Pass it alongside any other plugins:

Sidekick(
    plugins = listOf(networkPlugin, prefsPlugin, LogsPlugin()),
    actions = {
        IconButton(onClick = { sidekickVisible = false }) {
            Icon(Icons.Default.Close, contentDescription = "Close")
        }
    },
)

Configuration

Member Constraint
id: String Must be unique across all plugins passed to Sidekick. Prefer reverse-domain (e.g. "com.myapp.logs").
title: String Shown in the plugin-grid card and the screen header.
icon: ImageVector Shown in the plugin-grid card. Material icons recommended for consistency.
@Composable Content() Renders inside the active MaterialTheme. Fills the plugin panel area — use Modifier.fillMaxSize() on the root.

UI

  • Content() runs under the host's active MaterialTheme (or Sidekick's, depending on useSidekickTheme).

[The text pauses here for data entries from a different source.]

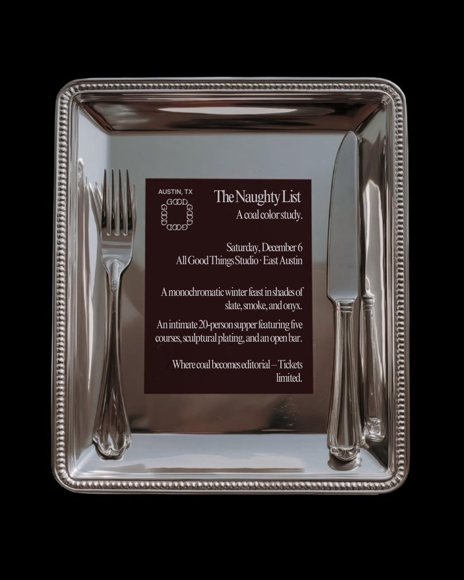 A monochromatic winter supper for the art girlies, the minimalists, and the ones who appreciate a little shadow-play in their holiday season. “The Naughty List” is a five-course, sculptural dinner exploring shades of slate, smoke, and onyx — where coal becomes something editorial, elevated, and entirely delicious.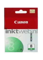 Originele Canon CLI-8G inktcartridge groen. De kleuren rood en groen zijn cartridges voor de meest geavanceerde printers uit deze CLI-8 serie. Controleer goed of deze kleuren in uw printer zitten (Pro 9000).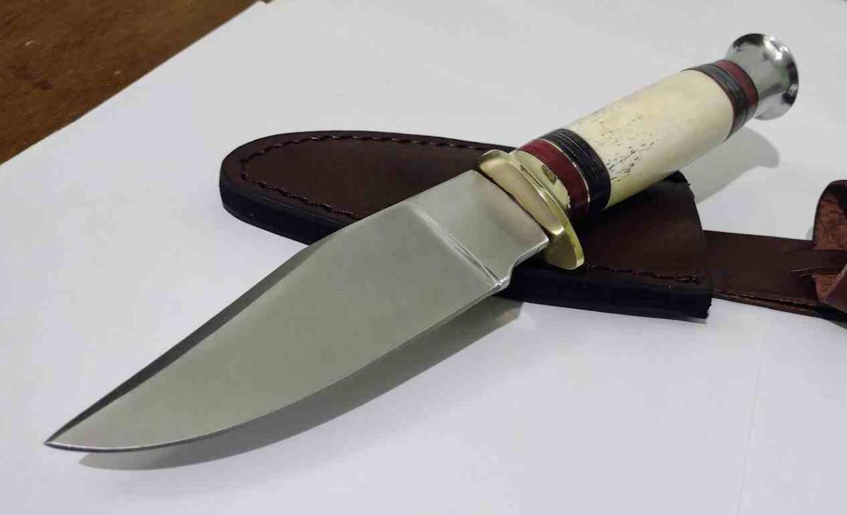 Le manche est une pièce maîtresse composée de plaquettes multi-matériaux associant de l'os poli (Smooth Bone) à du bois de pakka (Pakkawood) aux teintes marron et rouge. Cette structure est renforcée par une garde en Laiton (Brass guard) pour la protection des doigts et un pommeau massif en Aluminium (Aluminum pommel) pour un équilibre parfait. Il est livré avec sa housse Cuir marron de haute qualité, munie d'un passant pour le port à la ceinture.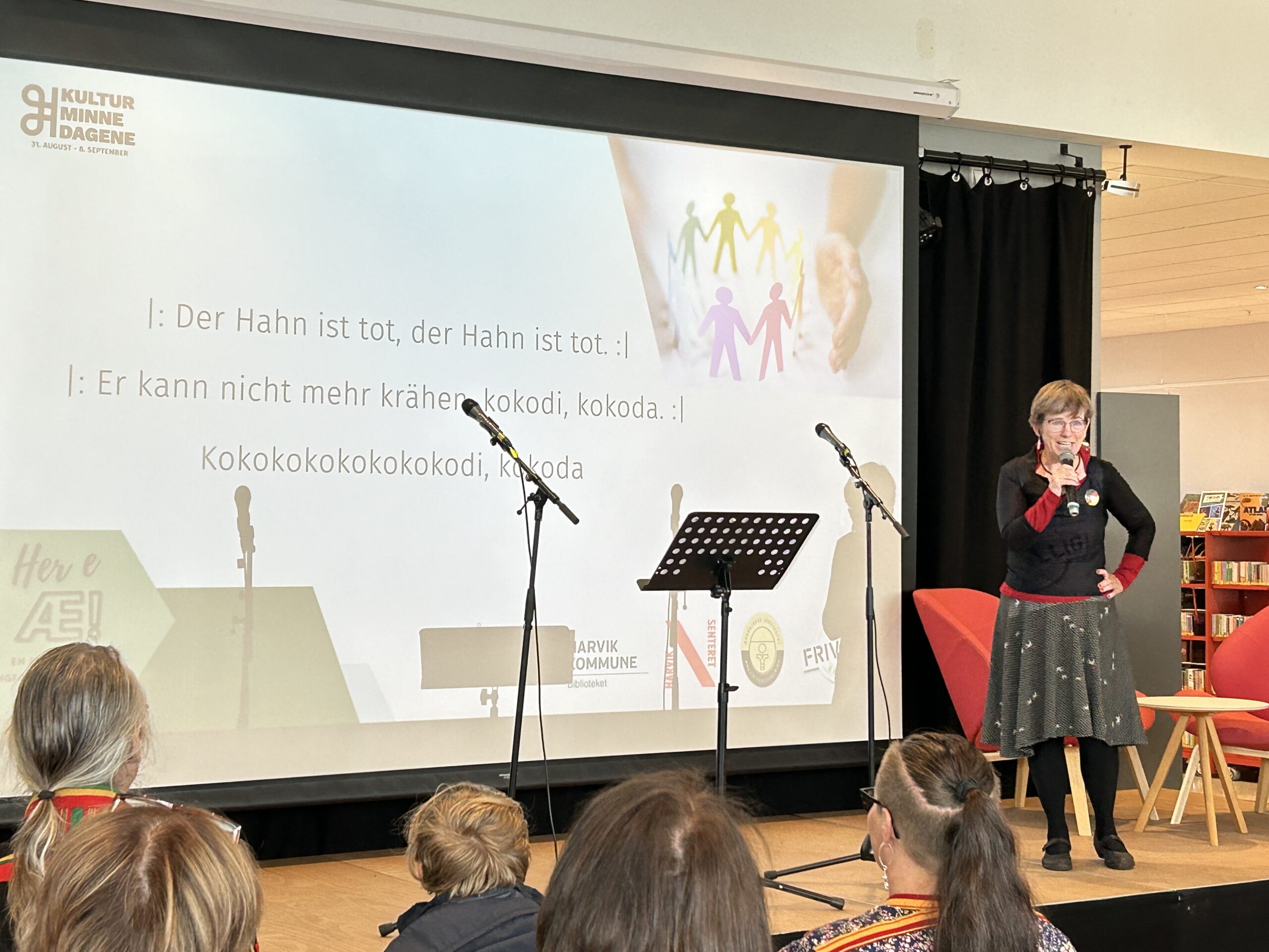 Julia stemmer opp til tysk allsang blant publikum

MaterialTheme.colorScheme is available.
  • For reactive state, use StateFlow collected with collectAsState() or collectAsStateWithLifecycle().
  • For adaptive layouts, use BoxWithConstraints or the M3 Adaptive ListDetailPaneScaffold with breakpoints at 600 dp (medium) and 840 dp (expanded). Both built-in monitor plugins use this pattern.
  • To navigate back to the plugin grid programmatically (e.g. a "Close" button inside your screen), call LocalSidekickBackNavigator.current().

Advanced

Lifecycle hooks

Implement SidekickLifecycleAware if your plugin needs to know when the panel opens or closes (e.g. start / stop polling):

class LogsPlugin : SidekickPlugin, SidekickLifecycleAware {
    override fun onPanelOpened() { startTailing() }
    override fun onPanelClosed() { stopTailing() }
    /* … */
}

Scaffolding with Claude Code

Use the /create-plugin skill to scaffold a new plugin module from scratch — it creates the build.gradle.kts, base implementation class, and registers the module in settings.gradle.kts.